• _WHAT IS NEEDED_
Return the full listing unchanged, apart from leaving out its images.
====== AVAILABLE DATA
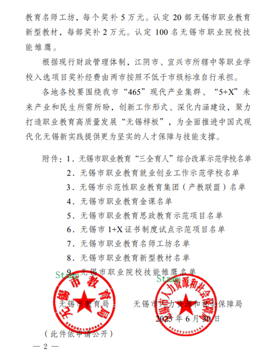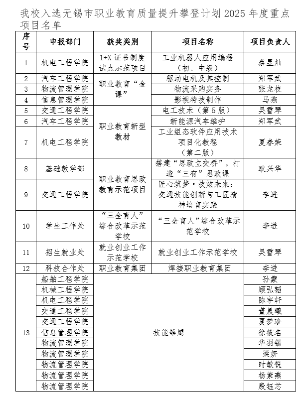 近日,无锡市教育局公布了无锡市职业教育质量提升攀登计划2025年度重点项目,我校12个项目入选、夏梦珍等11名同学被认定为“技能雏鹰”。
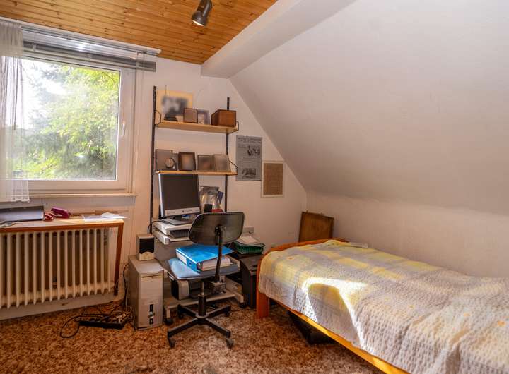 Im Dachgeschoss stehen drei Schlafzimmer sowie ein Badezimmer mit Badewanne zur Verfügung. Der Keller bietet zusätzliche Nutzfläche und Stauraum. Eine alte Zufahrt ist vorhanden und kann bei Bedarf zu einem Stellplatz oder Carport ausgebaut werden.
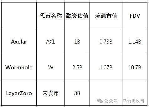 从币价潜力来看,我认为更加值得关注Axelar。Wormhole的各项数据都要比Axelar差一些,FDV却是Axelar的10倍左右。而LayerZero的真实数据尚不可知,但是融资估值已经高到3B,上所后可能也将达到10B,也是10倍于Axelar。
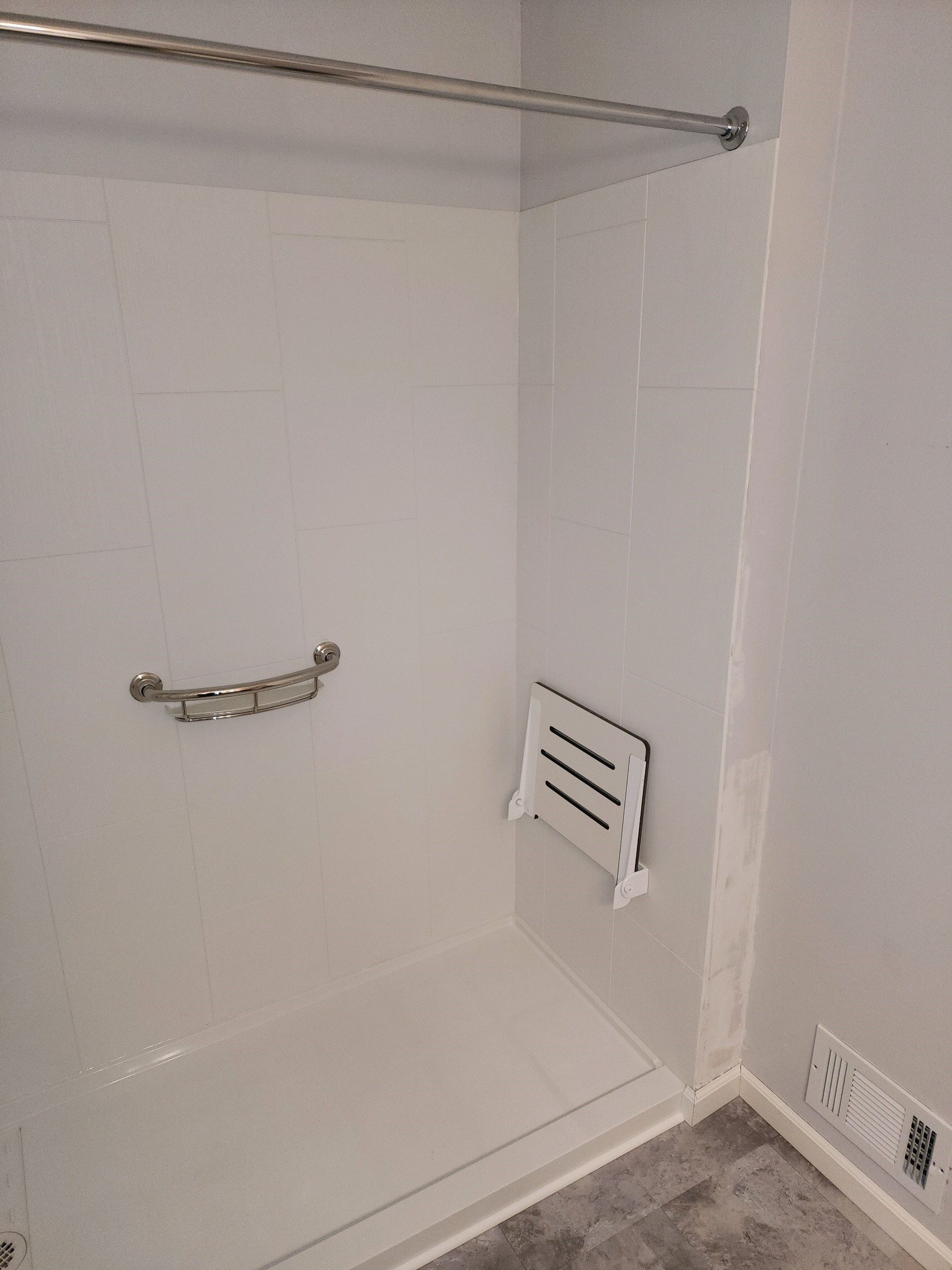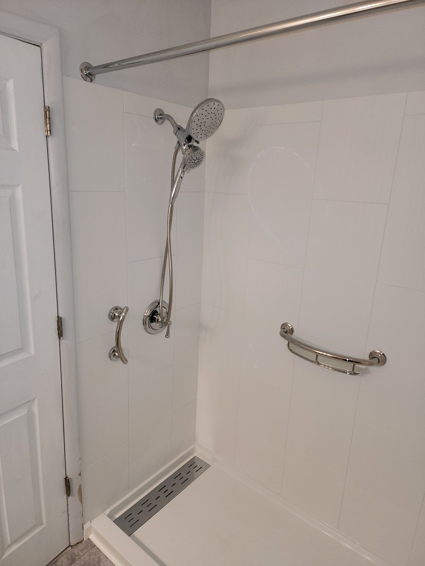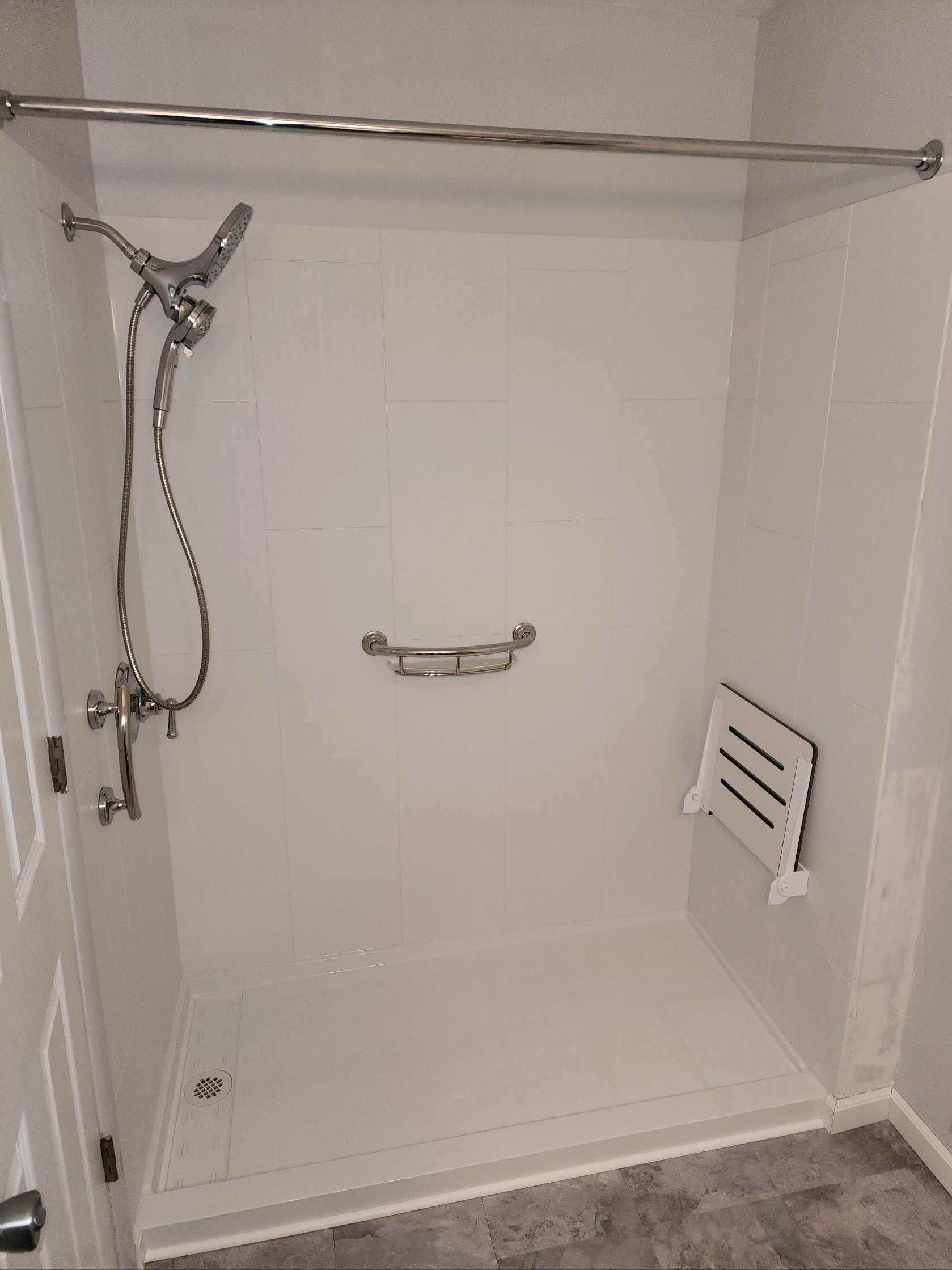Awesome difference! We hit the mark and thrilled our client with a safe space to shower. Our crew also provided prompt, courteous service that put our client at ease. What obstacles do you wish to overcome? Tell us what you need! A+ Home Improvements loves to help our clients age-in-place with renovations like this. Quality of life remains paramount, and we strive to provide this for home owners. Give us a call to get your project started today. We want to help out!
============
• _SOLUTION_
 近日,无锡市教育局公布了无锡市职业教育质量提升攀登计划2025年度重点项目,我校12个项目入选、夏梦珍等11名同学被认定为“技能雏鹰”。
 Im Dachgeschoss stehen drei Schlafzimmer sowie ein Badezimmer mit Badewanne zur Verfügung. Der Keller bietet zusätzliche Nutzfläche und Stauraum. Eine alte Zufahrt ist vorhanden und kann bei Bedarf zu einem Stellplatz oder Carport ausgebaut werden.
 从币价潜力来看,我认为更加值得关注Axelar。Wormhole的各项数据都要比Axelar差一些,FDV却是Axelar的10倍左右。而LayerZero的真实数据尚不可知,但是融资估值已经高到3B,上所后可能也将达到10B,也是10倍于Axelar。
Awesome difference! We hit the mark and thrilled our client with a safe space to shower. Our crew also provided prompt, courteous service that put our client at ease. What obstacles do you wish to overcome? Tell us what you need! A+ Home Improvements loves to help our clients age-in-place with renovations like this. Quality of life remains paramount, and we strive to provide this for home owners. Give us a call to get your project started today. We want to help out!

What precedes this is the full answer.